Oh well, I'm gonna go hang out next to my dog with a lighter, see if he'll pass gas!
Ebay's policy of shoot now & ask questions later is well renowned and yet, the real villains, escape the net. I can't imagine that ebay is anti snipers or see them ever preventing them as in the end, they make money, either because the sniper is successful or as they hope, the sniping bid pushes up the final bid price (which means more fees for them)
I can see that this topic is old, but I recently had a similar experience with eSnipe and had my eBay account suspended twice within 24 hours due to issues with unauthorized third party access according to eBay.
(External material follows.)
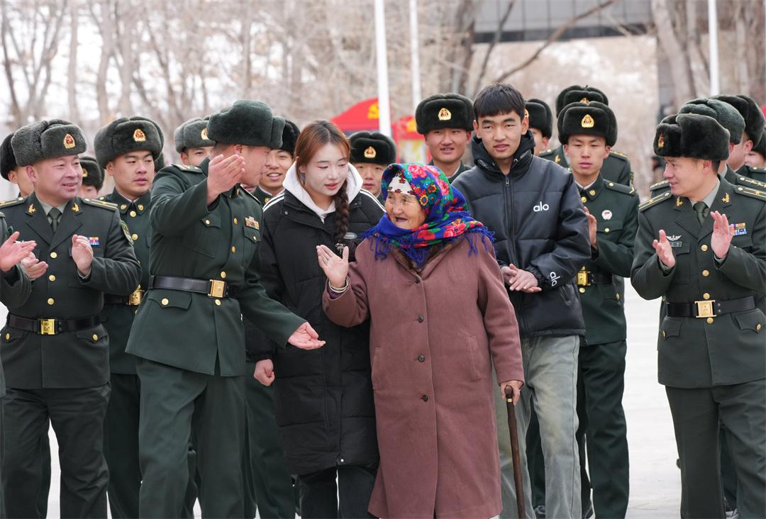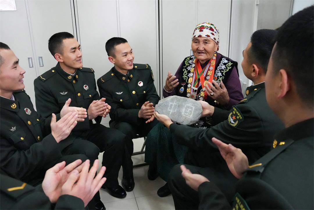 得知連隊又來了六名新兵,布茹瑪汗執(zhí)意要去看看。坐在床沿,她握緊年輕戰(zhàn)士的手,講述起往事。舊時代的陰霾、新中國的光芒、共產(chǎn)黨的恩情、解放軍的親……說到動情處,她不時抬手擦拭眼角。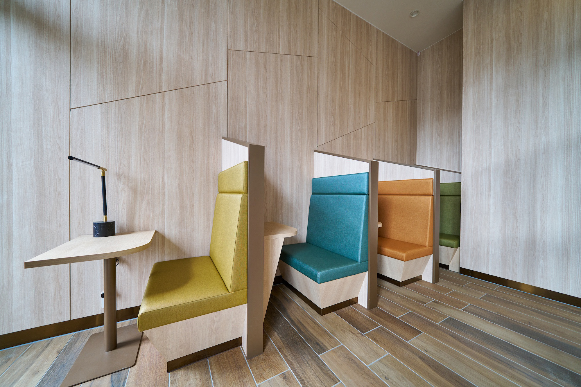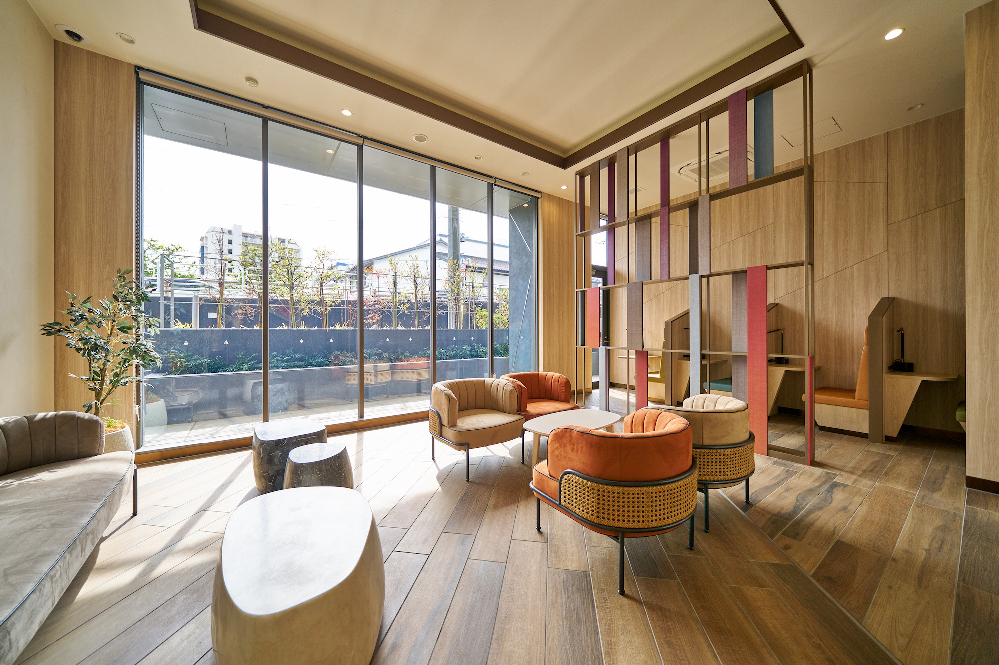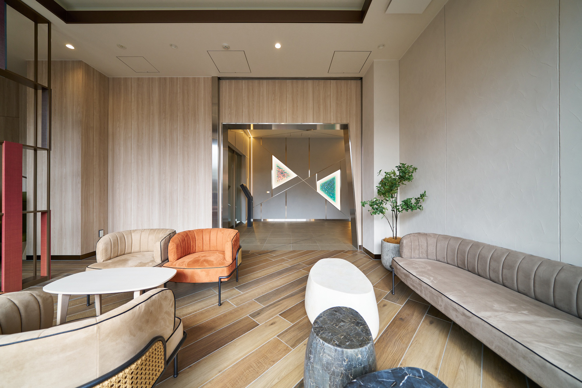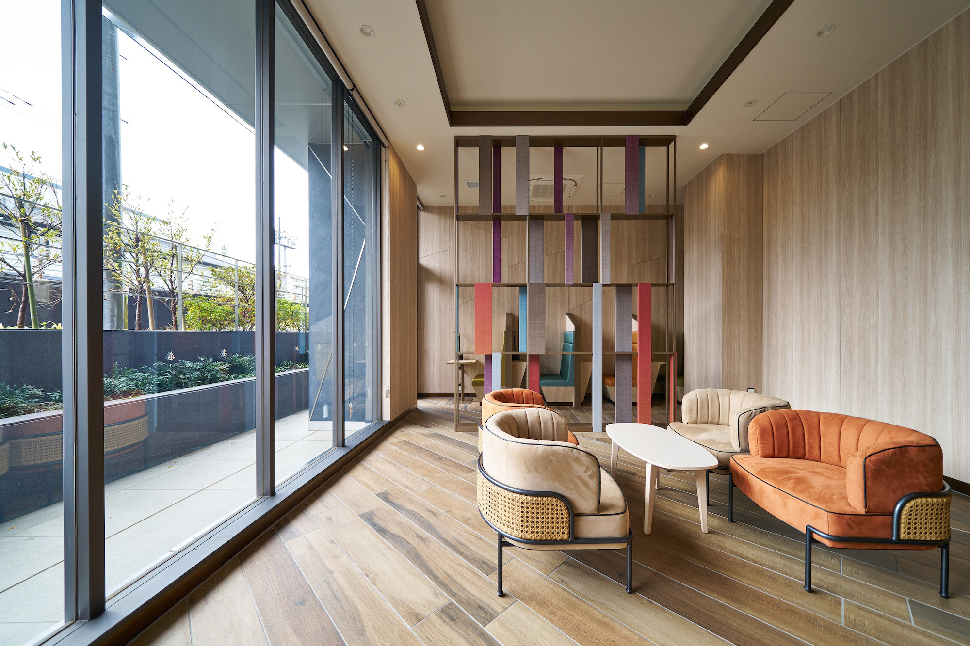 エントランスをくぐると広がるのは、ライン照明が縁取る折り上げ天井を施した、伸びやかなエントランスホール。天井と壁、床にもライン照明を配置することで、プリズムから光が広がっていく印象を演出しています。ラウンジは、プリズムが通った光が反射して虹色に輝いている様子をカラフルなアートや共用部の家具で再現。ブース席も整えられており、歓談や読書、リモートワークなど、サードプレイスとしてさまざまな活用ができる便利な空間です。

Should I even bother trying to sign up with AS or will I encounter the same grief I got from eBay as I did with eSnipe?
Hello bea2les,

Welcome to the Auction Sniper Community and thank you for your question. We have not had any customers report their eBay accounts suspended due to any services provided by Auction Sniper.

I would suggest signing up as we let you win 3 snipes for free. If at that time you would like to continue using AS, you would be charged 1% of the item price for winning snipes.
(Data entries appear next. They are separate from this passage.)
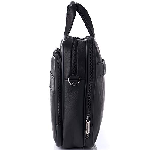 - LAPTOP SLEEVE & ORGANIZER - Center Section is fully padded to carry 13" to 15.6" notebook computers. Top-zip messenger style opening for easy access, get into your bag without having to take it off your shoulder. Comfortable padded adjustable, removable shoulder strap. Front organizer area includes 2 mesh elastic pockets allowing you to quickly see and find what you are looking for. pen holders and 2 slip pouches. Back section features a divided file folder for Legal, Letter or A4 sized files.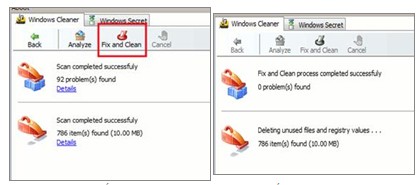 Sau khi quá trình quét hoàn tất, hãy nhấn vào nút “Fix and Clean” để tiến hành dọn dẹp hệ thống.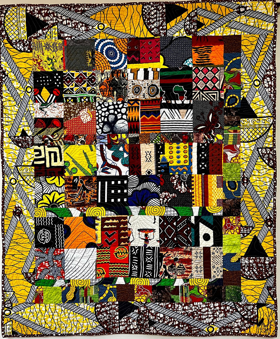 Like the other quilts in the series, The Happiness of Africa is a quilted wallhanging composed of a wide variety of African fabrics. It measures 38 x 42 inches.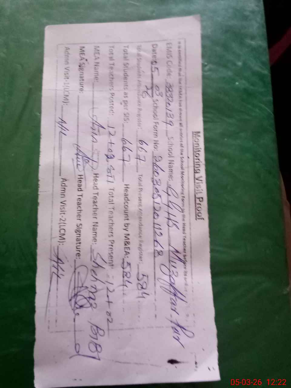 | Attendance Register | Head Teacher | MEA with School | Visit Proof |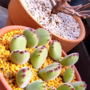 多肉を始めたばかりの頃に増やした月兎耳 & 熊童子 強いなぁと思ってスパルタ過ぎる管理をしていたら、熊童子の葉がポロリ… ᔪ(°ᐤ°)ᔭ ごめんよ… 💦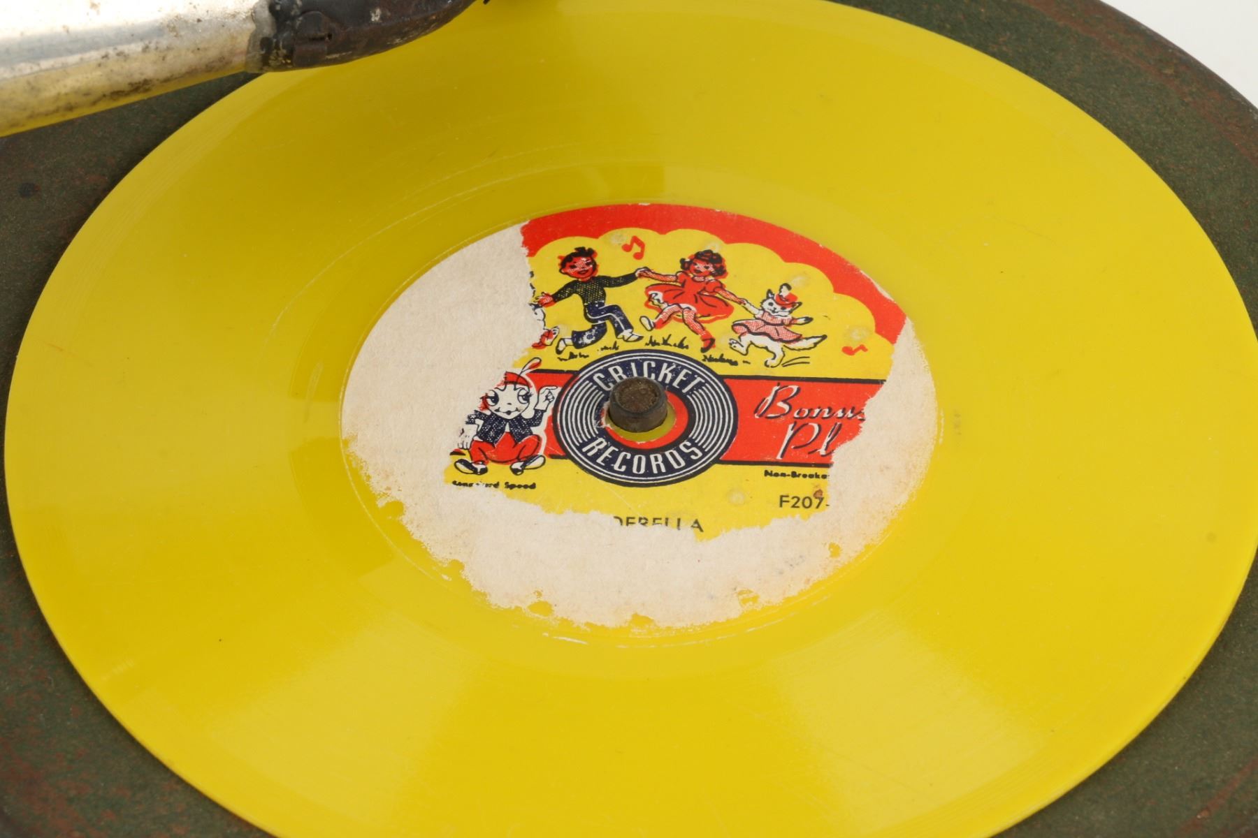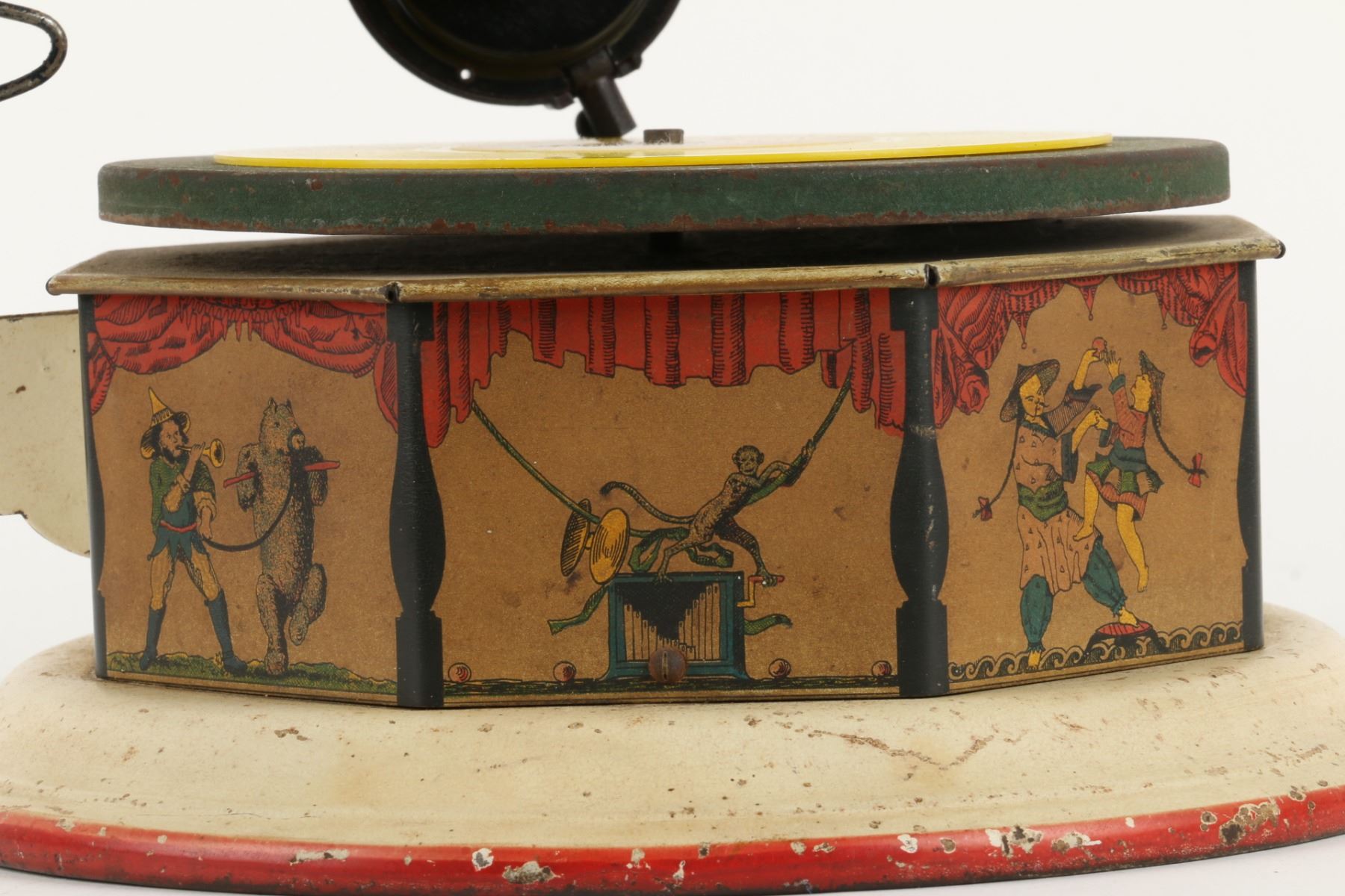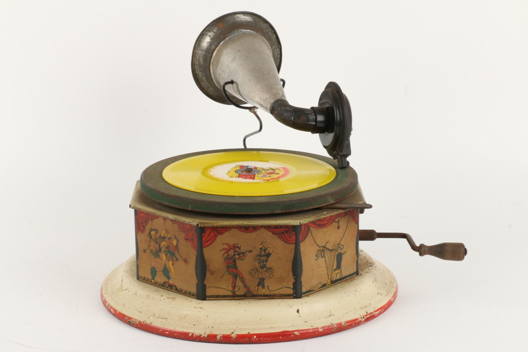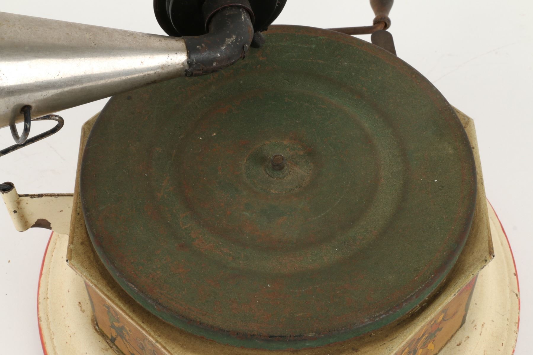 German. Circa 1920. "Bingophone II" by Bing Toys, Germany. Tin lithograph body. Includes crank and small horn. 10" x 10" x 5". Minor flakes to lithographed surface. Later English reproducer. Includes suitable colour disk. Functioning. $100-200.

In other words, try us for free and see what you think.

Please let me know if you ever have any questions or if I can be of any help.

Respectfully,

Steve
Auction Sniper Product Manager
I can let someone drive my car, which is (in my world) the same as “give out your ID and password to a third party”. When I “transfer” my car to someone, then I no longer have the ability to determine who drives the car or not.

Again, I see nothing in the user agreement that states you can’t turn your ebay ID and password over to someone else. After all, a spouse would be considered a “third party”, and although I think it wise not to have a spousee bidding on the something using the spouser’s ID, I see no mention that it’s against ebay’s “TOS”.
Hello bea2les,

I just wanted to follow up. We have been around since 2001 and have not ever had a customer report the experience you had with the company you mentioned.
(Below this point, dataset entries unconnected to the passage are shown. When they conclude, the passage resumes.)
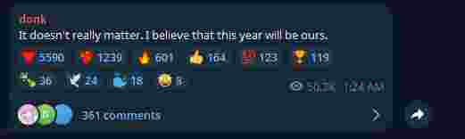 donk在无缘2025年度TOP1之后,在自己的电报社交媒体上发布了一条新的动态,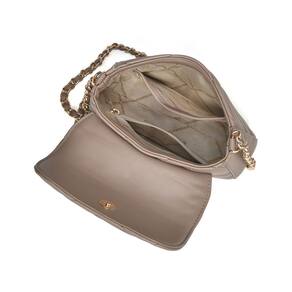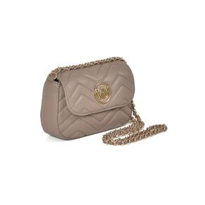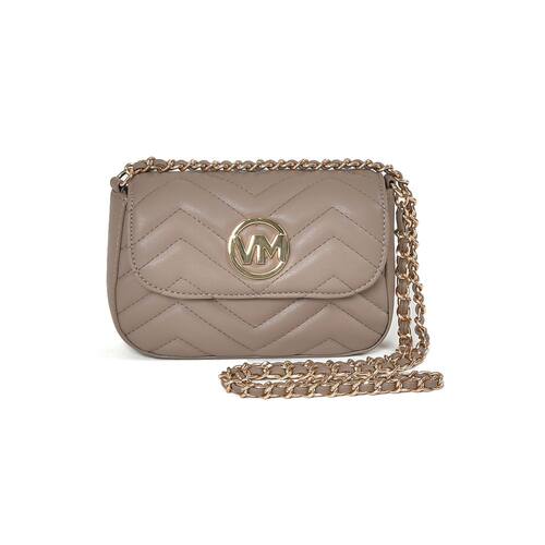 Bolsa Crossbody mini em PU com detalhes em matelassê geométrico. Design retangular com bordas arredondadas e alça de corrente fixa. Fechamento com tampa e botão magnético. Inclui bolso interno no forro, ideal para itens pequenos. Perfeita para adicionar elegância a qualquer look. Placa frontal VM de metal circular.
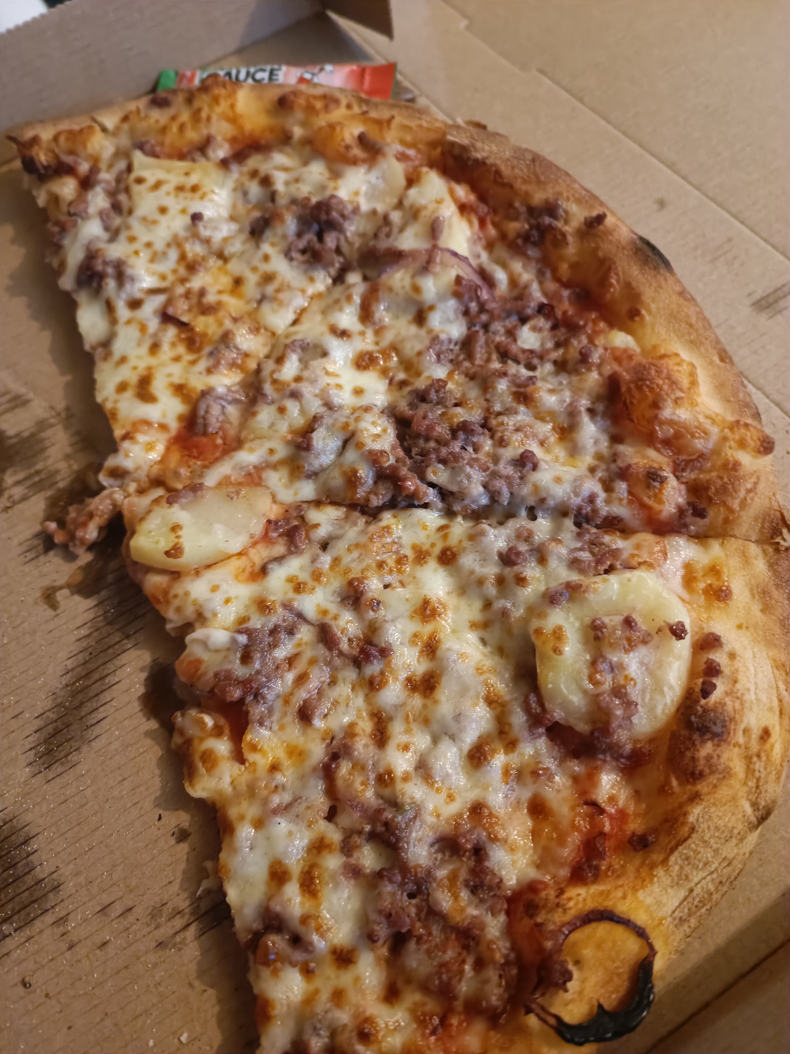 Nous avons commandé plusieurs pizzas et des boissons nous ont même été offertes ! Tout aurait été parfait si je n’avais pas trouvé un morceau de plastique de 3cm entre deux pommes de terres....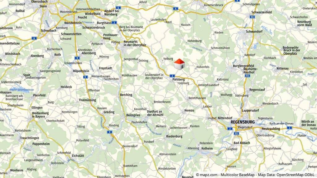 Von hier aus erreichen Sie auch die Autobahnen A 6, A 9 und A 93. Aber nicht nur per Straße ist die Parsberg hervorragend angebunden. Für die Anbindung an die Schiene verfügt die Stadt über einen Bahnhof an der Strecke Nürnberg-Regensburg mit RE-Haltestelle.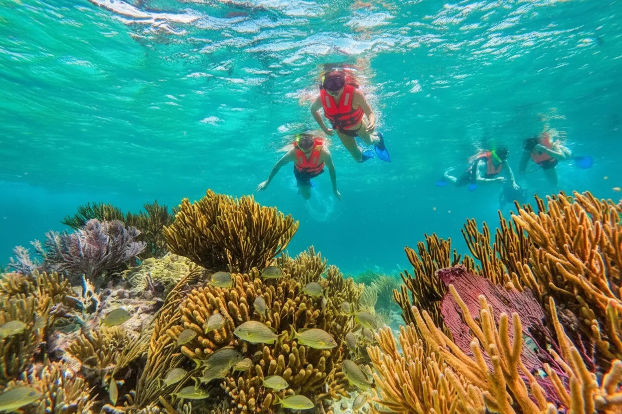 • 🤿 Snorkel above the vibrant 🪸 coral reefs in the shallow waters 🌊

Again, I encourage you to try our services for free, so that you can feel satisfied that your sniping will be successful with us.

Thank you,

Steve
Auction Sniper Product Manager
quote:
I can let someone drive my car, which is (in my world) the same as “give out your ID and password to a third party”. When I “transfer” my car to someone, then I no longer have the ability to determine who drives the car or not.
Car analogy is rather good!

In my mind, transferring one's eBay ID would be GIVING someone your ID to use for THEMSELVES -- purchasing & selling for THEMSELVES, not for YOU. Auctionsniper(AS) acts as a virtual assistent, bidding NOT for THEMSELVES, but bidding for YOU at YOUR DIRECTION. It would be similar to a boss, having to be in a meeting in the afternoon and wanting to manually snipe an auction ending during the meeting, giving a secretary his eBay ID info and directing her to bid in his behalf on a specific item at a specific time for a specific bid price. That is exactly what AS does programatically, and I would contend that in neither case was a "TRANSFER of ID to another party" involved.

In essence, AS is a third party "proxy" bidder for you.
quote:

But, I think you have snuffed this butt out pretty well, eBay is kind of fickle, and if your account suddenly goes from a comatose state to something that resembles a frenzied school girl jacked out of her mind on Mr. Pib and diet pills who finds her Mom's Platinum card on the bureau, you solved your own Nancy Drew here, you probably tripped more red-flags than a hot, sexy 21 year-old "adult" entertainer's tax-return in the IRS Mainframe.